The Internet of Things (which we explained here with our Beginner’s Guide to the Internet of Things) is drawing the attention of some big names, with Qualcomm recently announcing its plans to develop smart devices that suit this new technology. Now, Google has followed suit by developing the Google Brillo operating system.
So what can we expect from Google Brillo? Little is confirmed at this stage: but some information has been revealed and rumours are flying. Here is what we know so far.
So what is Google Brillo?
Google Brillo will be an operating system, which is rumoured to be launched under the Android brand. The software is said to be aimed at low power devices that have as little as 64MB, or potentially even just 32MB of RAM. With the likes of Apple, Samsung and Qualcomm already moving to put their companies at the forefront of smart home technology, Google appears to want its own piece of the pie by jumping on the internet of things bandwagon.
Wait, what exactly is the internet of things?
In short, the internet of things is a term used to describe the linking of everyday objects with the internet. They are joined together using technology with the goal being to allow people to seamlessly pick-up knowledge as they are on the move: meaning there is no need to sit at a computer or even to talk with another human.
One of the most famous early examples of the internet of things being put into practise is with wearable technology such as Google Glass. However, it is much more than that as it can extend to your workplace, your home, your car and more. Don’t forget to read more about the internet of things here.
However, with the emergence of new technology arrives various complications. For example, many manufacturers have jumped on to the bandwagon at the same time and are releasing smart devices that can be connected to the internet with the idea of receiving and sending data. Yet all of these devices will ultimately require a common platform, software or language so that they can work together and recognise each other.
Among the early adopters of the idea has been Apple. It has developed a framework called HomeKit, which aims to simplify the ideas behind the internet of things with home automation. It offers a common language which can be used with a host of smart devices.
So back to Google Brillo…
This then brings us full circle to the idea of Google Brillo.

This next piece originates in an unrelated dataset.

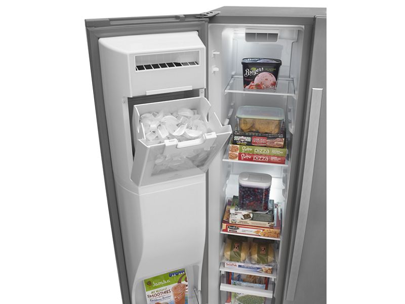 This model's Adaptive Defrost saves 6% more energy by monitoring when the compressor is running and defrosting only when necessary, resulting in improved food preservation and energy savings. As compared to previous Whirlpool® side-by-side models without Adaptive Defrost; based on 24-hour interval with refrigerator doors left unopened.

Brillo is set to provide these low powered devices with the ability to communicate with devices that are nearby. It is hoped that the software may eventually be used on everything from refrigerators to smaller devices such as camera monitors, door sensors and light bulbs.
So when will Brillo launch?
Actually, Google Brillo may not debut at all: at least, not with this name. Currently, Brillo is simply an internal name being used by Google – when it comes to launch time it may take on a different guise. However, the software IS being developed, with reports suggesting it is being controlled by the Android team. It’s not yet clear as to when the product will be made available to consumers: but it is expected that we will learn more about Google Brillo when the Google I-O developer conference takes place during the final week of May.
What else do we know about Google Brillo?
The short answer would be “not a lot”. However, it is thought that Nest Labs may be involved in some way after Tony Fadell, the man responsible for Nest but who now works at Google, was pictured when the story first broke about Brillo.
Nest was acquired by Google last year, with it being subsequently announced that a developer program taking the name “Works with Nest” would be launched, providing APIs. The idea is that manufacturers are able to attach them to smart devices and integrate them with other Google/Nest products, as well as enjoying remote control. Google for now though, appears to be keeping the Nest brand separate as there is no link to Android or Google on the Nest website.
So will Google Brillo have any competitors?
According to an analysis by Gartner, the number of devices connected to the internet of things is set to surge – reaching around 26billion by 2020, up from just 900million in 2009. As such, it appears that all of the big names in the technology sphere are trying to establish themselves in this new sector.
For example, Huawei has LiteOS. It is an operating system that has just 10KB. It has been designed for connected machines and appliances. Meanwhile, with the impending launch of Windows 10, Microsoft has developed Windows 10 IoT Core which can be run on wearable devices, ATMs and ultrasound machines. And then there is Samsung with its Artik hardware which has been designed for IoT devices that feature Samsung hardware and open software.
So it seems wherever you turn in the technological sphere, the internet of things continues to take great strides: and with Brillo, Google is sure to be among the early pacesetters.